Theorem. There exists a k-algebra automorphism \sigma of A such that B(x,y)=B(y,\sigma(x)), for all x,y \in A.

Proof.  Let x \in A and define g : A \longrightarrow k by g(y)=B(x,y), for all y \in A. Clearly g \in A^* and so by this lemma, there exists a unique \theta_x \in A such that g(y)=B(y,\theta_x), for all y \in A. So B(x,y)=B(y,\theta_x), for all y \in A. Define the map \sigma : A \longrightarrow A by \sigma(x)=\theta_x, for all x \in A. So we need to prove that \sigma is a k-algebra automorphism. First we show that \sigma is k-linear. If \alpha \in k and x,y,z \in A, then

B(z, \alpha \sigma(x) + \sigma(y))=\alpha B(z, \sigma(x)) + B(z, \sigma(y))=\alpha B(x,z)+B(y,z)

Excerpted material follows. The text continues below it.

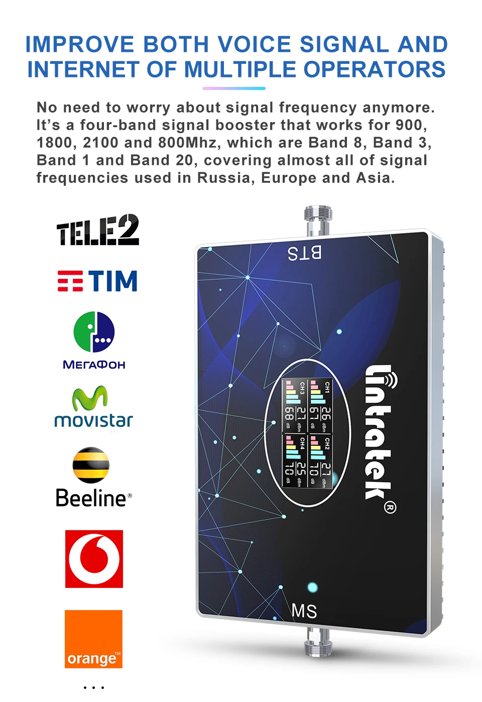 Купить Четырехдиапазонный усилитель сигнала Lintratek 70 дБ 4G 3G 2G GSM B3 B1 B7 B20 900 1800 2100 2600 LTE800 МГц

=B(\alpha x + y,z)=B(z, \sigma(\alpha x + y)).

Therefore, since B is non-degenerate, \sigma(\alpha x + y)=\alpha \sigma(x) + \sigma(y) and so \sigma is k-linear. It is easy to see that \sigma is injective: if \sigma(x)=0, then B(x,y)=B(y,\sigma(x))=B(y,0)=0, for all y \in A and hence x = 0 because B is non-degenerate (see the Remark in this post). Hence \sigma is surjective as well because A is finite dimensional. So we only need to prove that \sigma is multiplicative. Recall that B(xy,z)=B(x,yz), for all x,y,z \in A and thus

B(z, \sigma(xy))=B(xy, z)=B(x,yz)=B(yz, \sigma(x))=B(y, z \sigma(x))=B(z \sigma(x), \sigma(y))

=B(z, \sigma(x)\sigma(y)).

 Therefore \sigma(xy)=\sigma(x)\sigma(y) because B is non-degenerate. \Box

Definition. The k-algebra automorphism \sigma in the above theorem is called the Nakayama automorphism.

We proved in here that there exists f \in A^* such that \ker f does not contain any non-zero left ideal of A. In fact we saw that B(x,y)=f(xy), for all x,y \in A. So if \sigma is the Nakayama automorphism of A, then f(xy)=f(y \sigma(x)), for all x,y \in A.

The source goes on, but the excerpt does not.